- ASSIGNED TASK: Check every line of the data below for the string "wear", and copy the ones that hold it.

- MATERIALS PROVIDED:

========

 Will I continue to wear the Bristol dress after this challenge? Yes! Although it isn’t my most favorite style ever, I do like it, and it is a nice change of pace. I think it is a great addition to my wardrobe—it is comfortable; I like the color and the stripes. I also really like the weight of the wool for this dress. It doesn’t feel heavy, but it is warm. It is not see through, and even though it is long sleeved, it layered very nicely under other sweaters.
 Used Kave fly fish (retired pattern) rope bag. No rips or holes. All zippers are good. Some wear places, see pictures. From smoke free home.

========

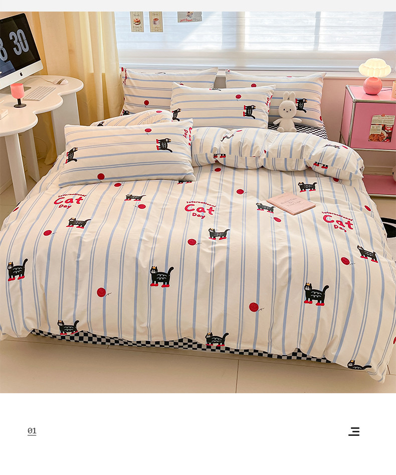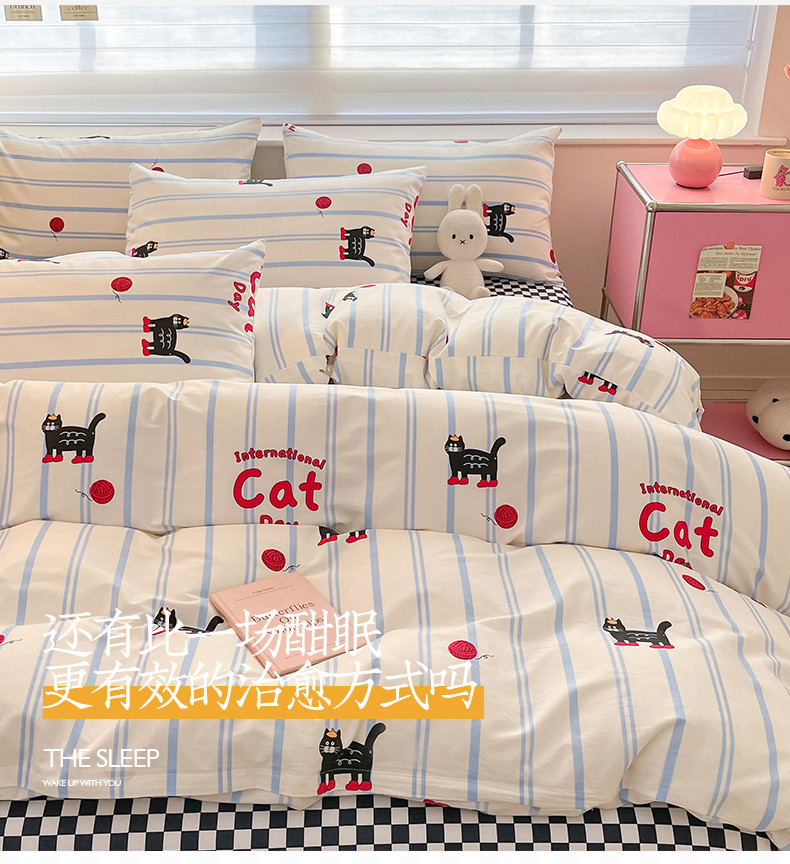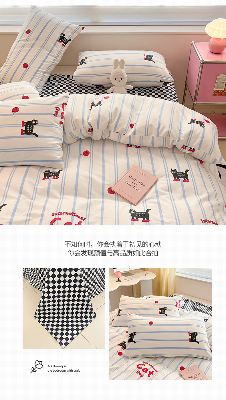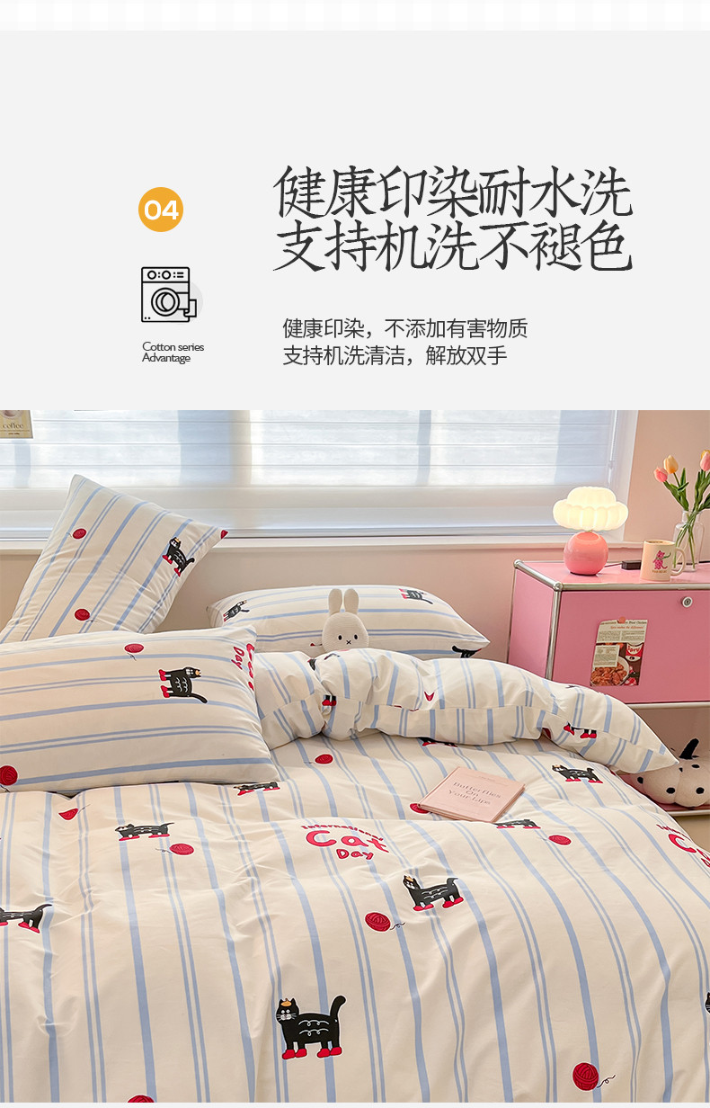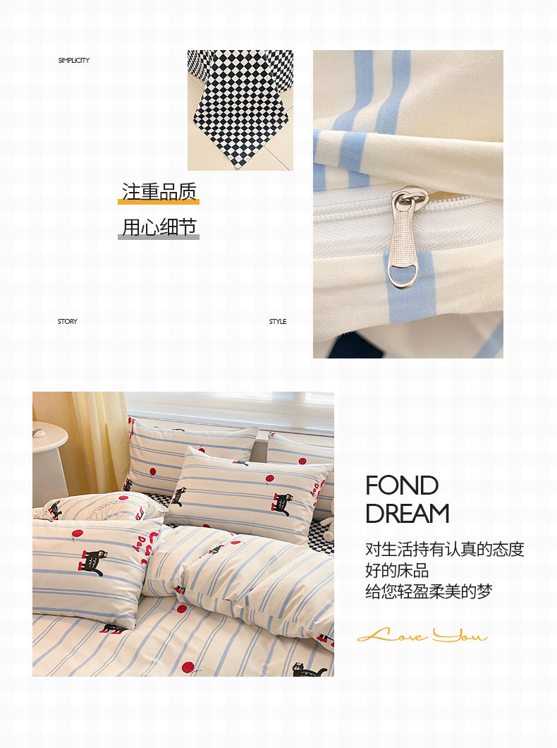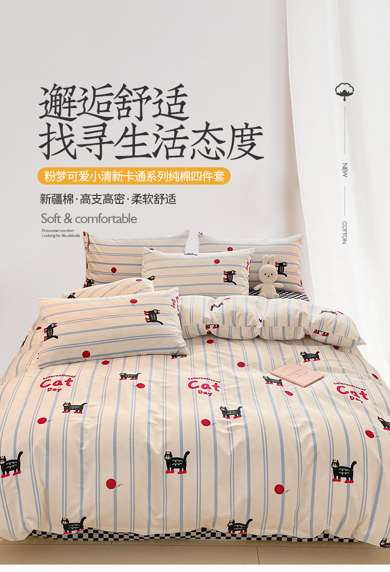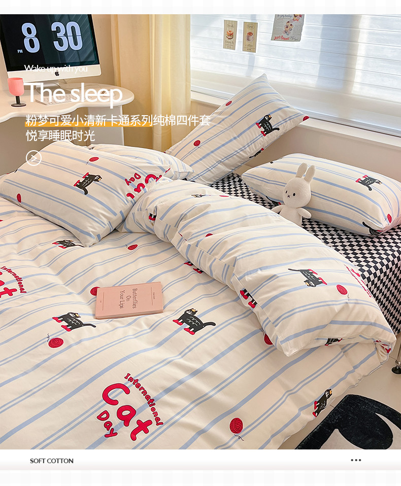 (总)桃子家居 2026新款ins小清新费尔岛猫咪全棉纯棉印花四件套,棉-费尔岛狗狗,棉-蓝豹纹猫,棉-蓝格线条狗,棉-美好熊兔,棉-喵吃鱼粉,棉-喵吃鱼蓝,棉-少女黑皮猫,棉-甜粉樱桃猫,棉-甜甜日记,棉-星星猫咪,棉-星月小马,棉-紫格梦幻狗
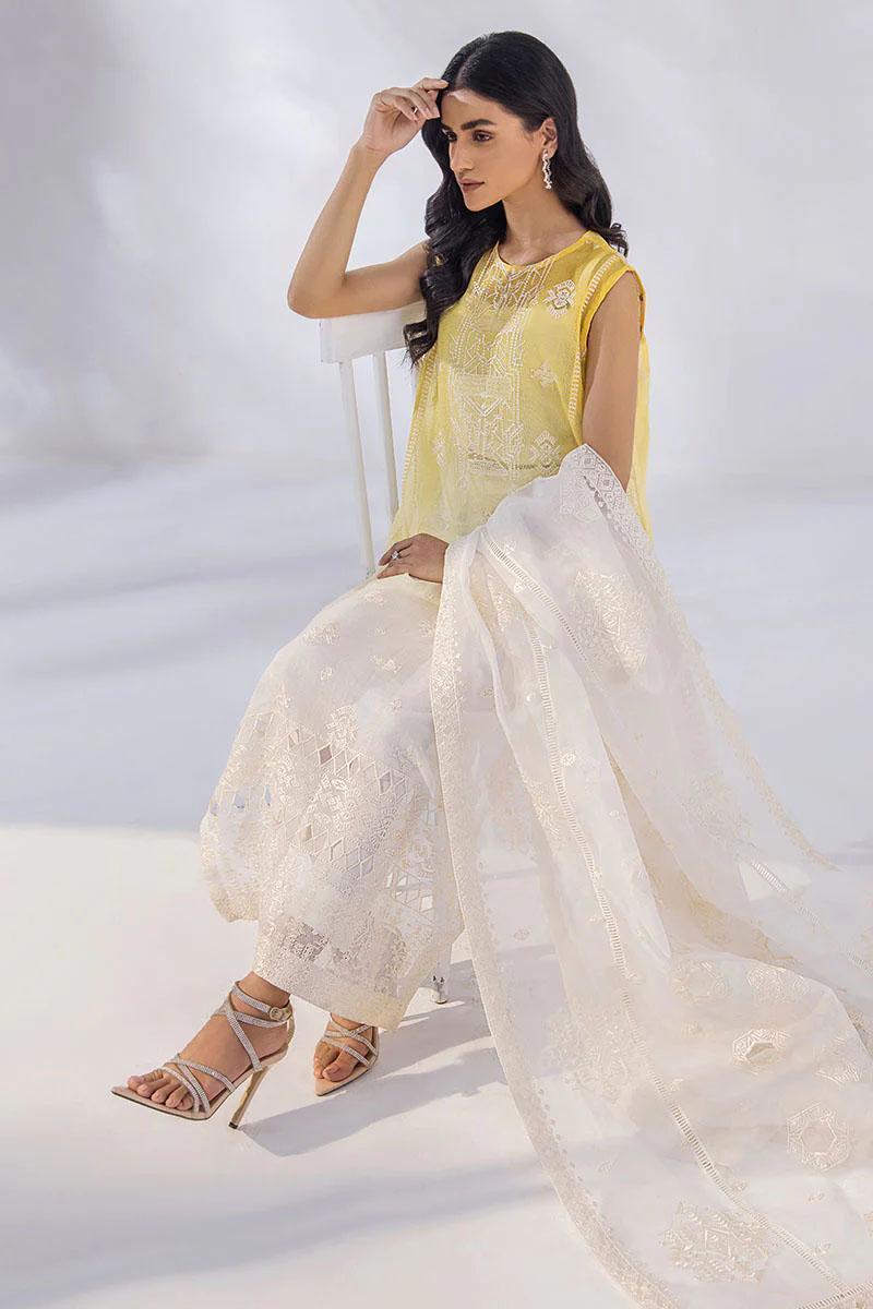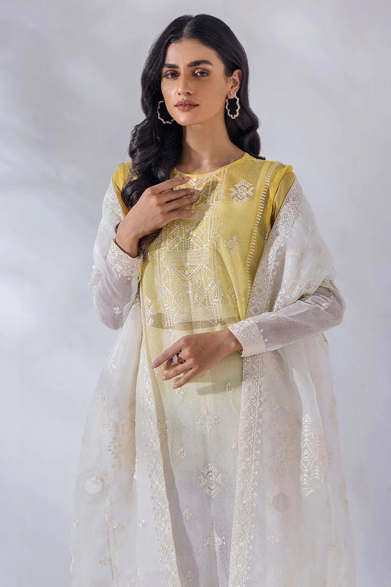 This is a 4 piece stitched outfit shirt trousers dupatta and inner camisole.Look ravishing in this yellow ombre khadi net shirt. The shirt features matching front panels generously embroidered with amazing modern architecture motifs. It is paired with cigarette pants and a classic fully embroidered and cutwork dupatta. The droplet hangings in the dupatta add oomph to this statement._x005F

========

- TASK OUTPUT:
 Will I continue to wear the Bristol dress after this challenge? Yes! Although it isn’t my most favorite style ever, I do like it, and it is a nice change of pace. I think it is a great addition to my wardrobe—it is comfortable; I like the color and the stripes. I also really like the weight of the wool for this dress. It doesn’t feel heavy, but it is warm. It is not see through, and even though it is long sleeved, it layered very nicely under other sweaters.
 Used Kave fly fish (retired pattern) rope bag. No rips or holes. All zippers are good. Some wear places, see pictures. From smoke free home.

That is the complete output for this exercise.